===== Data for the task =====

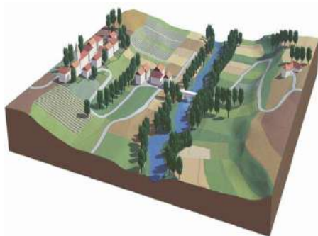
Lit mineur d'un cours d'eau (Espace d'écoulement en situation normale)

Représentation des limites des zones inondables:
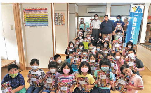
青年部会 小学校学童クラブ等へ手持ち花火を寄贈
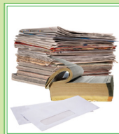
Sobres, periódicos, y papel
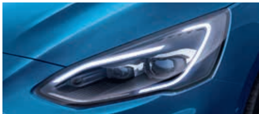
Adaptacyjne reflektory Full LED ze światłami drogowymi zapobiegającymi oślepieniu i sekwencyjnymi kierunkowskazami LED

TREND EDITION | TITANIUM | ST-LINE Pakiety: Design 1, Design 2

=====

**What the exercise asks**. Your copy should hold each line above exactly and no pictures at all.

**Result of the task**.
Lit mineur d'un cours d'eau (Espace d'écoulement en situation normale)

Représentation des limites des zones inondables:
青年部会 小学校学童クラブ等へ手持ち花火を寄贈
Sobres, periódicos, y papel
Adaptacyjne reflektory Full LED ze światłami drogowymi zapobiegającymi oślepieniu i sekwencyjnymi kierunkowskazami LED

TREND EDITION | TITANIUM | ST-LINE Pakiety: Design 1, Design 2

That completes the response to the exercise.